## [Action item]
Exact reproduction is required for the lines below starting at the line with "2017年第8周重庆双福国际农贸城蔬菜批发量环比平稳、批发价格环比略跌" and ending at the line with "친정 엄마와 3대가 모여 고둥을 까고, 먹으며", both included. No other lines, and no pictures.

## [Records shown]
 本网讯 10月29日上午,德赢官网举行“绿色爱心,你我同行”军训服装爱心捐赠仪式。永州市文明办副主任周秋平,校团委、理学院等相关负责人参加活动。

...

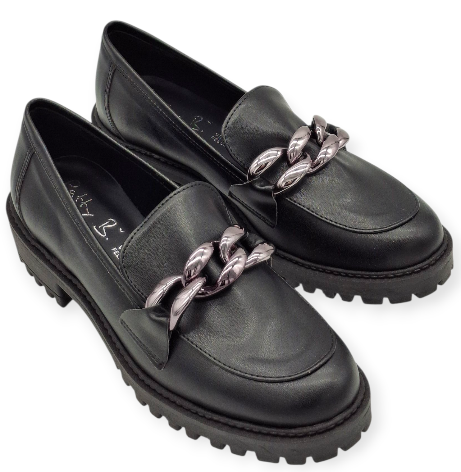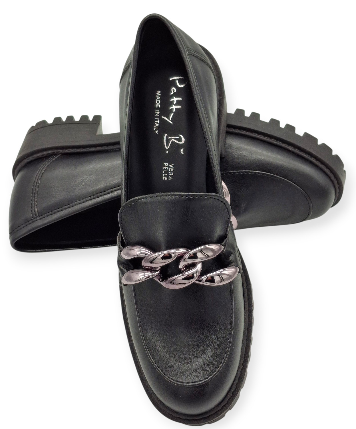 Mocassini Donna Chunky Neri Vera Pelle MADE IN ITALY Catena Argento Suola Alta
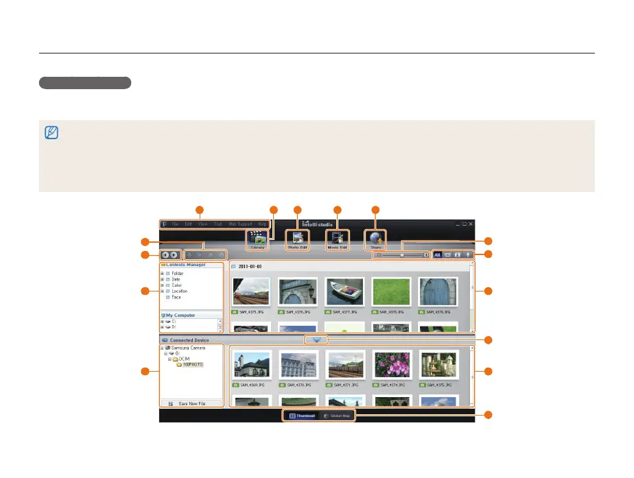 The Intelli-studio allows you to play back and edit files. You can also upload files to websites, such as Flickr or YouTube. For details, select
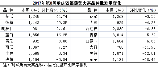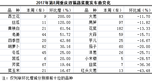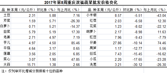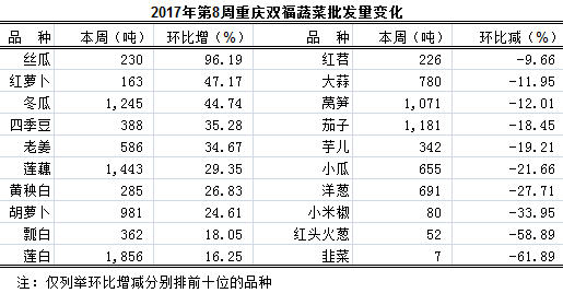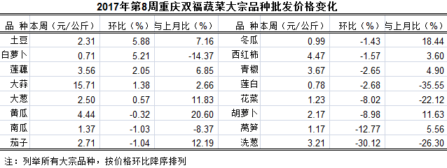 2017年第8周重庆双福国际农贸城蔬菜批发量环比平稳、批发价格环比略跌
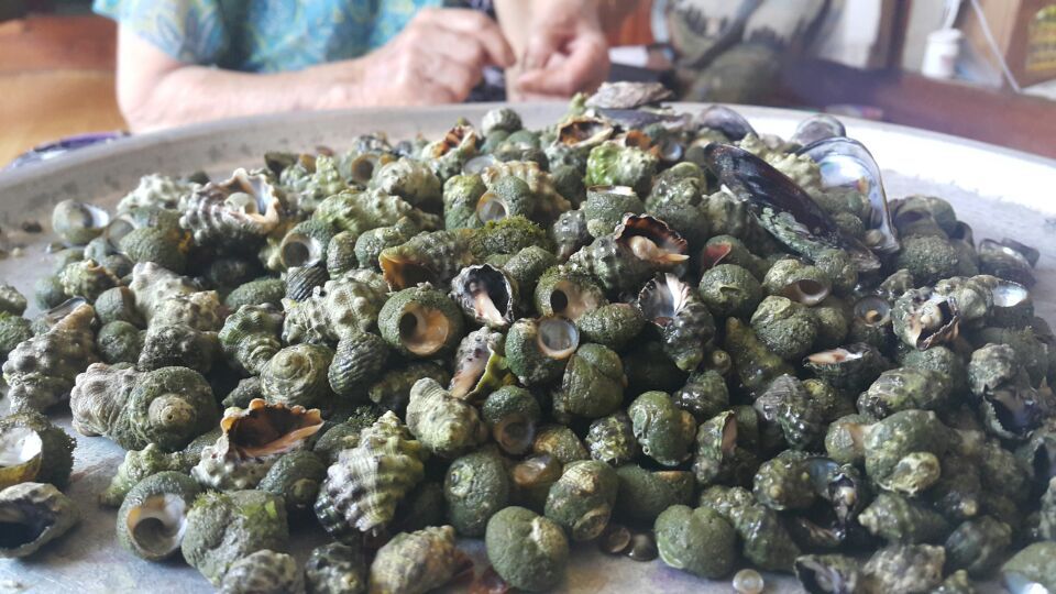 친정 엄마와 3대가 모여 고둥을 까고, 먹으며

## [Your response]
 2017年第8周重庆双福国际农贸城蔬菜批发量环比平稳、批发价格环比略跌
 친정 엄마와 3대가 모여 고둥을 까고, 먹으며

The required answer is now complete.